We’ll see, I guess. Thanks for the article.

So, again I put that part in my post you replied to above. When you encounter a web site that you’ve not authenticated with before in Firefox, presumably the web site will show a QR code, you will unlock your phone, use its camera to get the QR code. If you have a passkey, it will let the server know, and then the passkey will get added to Firefox’s passkey store for use from that point forward, and Firefox will likely have its own passkey sync service to sync with other devices on which you use Firefox, as FF does now with passwords. Or perhaps MacOS will have a way to capture using a key combo to authenticate using the Mac’s keychain itself. Or both.

It’s also possible (likely?) that Apple will offer an API that will allow signed third party apps like Firefox, Chrome, the Kindle app for MacOS, etc., to access passkeys stored on your Mac.

We don’t know for sure yet. Passkeys aren’t even implemented yet (well, actually I think that Apple is already using passkeys when you try to log in to Apple ID online, as I know when I try it allows me to authenticate using my user account passphrase, and sometimes even my Apple Watch with a double-click of its side button - but I’m not really sure if that’s FIDO2), and it’s likely that they will be available only for a few web sites and services at first, and those services likely will still offer typical userid/password at the same time, and likely for quite a while.

That’s not what I believe happens. If you review the video, the QR code allows an iPhone to authenticate for a session (add a new device as an authenticator), but it does not create a method for new enrollment by the website with a passkey.

From the video:

This cross-platform sign-in experience is a first-class system feature that’s part of the standards behind passkeys. On the surface, it appears incredibly simple, but this is not just a QR code. Behind the scenes, the devices are performing a local key agreement, proving proximity, establishing an end-to-end encrypted communication channel, all to let you sign in in a way that’s easy but maintains the strong phishing resistance of passkeys. It works great for allowing me to sign in securely to my account on any device…

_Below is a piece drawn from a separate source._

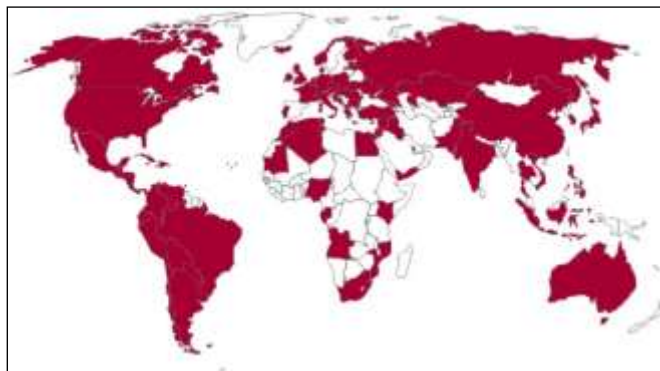
Ámbito de acción del PIV

El Programa Internacional de Visitantes está dirigido a personas relevantes y con proyección de futuro en sus respectivos países, a quienes se ofrece visitar España para que entren en contacto con responsables de su mismo campo profesional, además de poder conocer la realidad actual española. La aprobación y el diseño de las visitas se realizan en concordancia con las prioridades de la acción exterior. Está abierto a personas de todos los países del mundo, con especial atención a los candidatos provenientes de Iberoamérica y, de forma adicional, a aquellos procedentes de otras áreas prioritarias en la política exterior española.

I just had confirmed on Twitter by a Microsoft person involved in this effort that passkeys will be ecosystem unique, too—that bodes poorly right now for syncing or coordinating among devices or browsers not in the same ecosystem, but this is the first generation rollout of this technology.

If you need a way to use a passkey-like element across browsers and operating systems, get a FIDO2-compatible hardware key from Yubico. Broadly supported. If you work entirely inside Apple’s ecosystem (devices and Safari) with occasional non-Safari logins on your own or other devices, an Apple-managed passkey should work very well.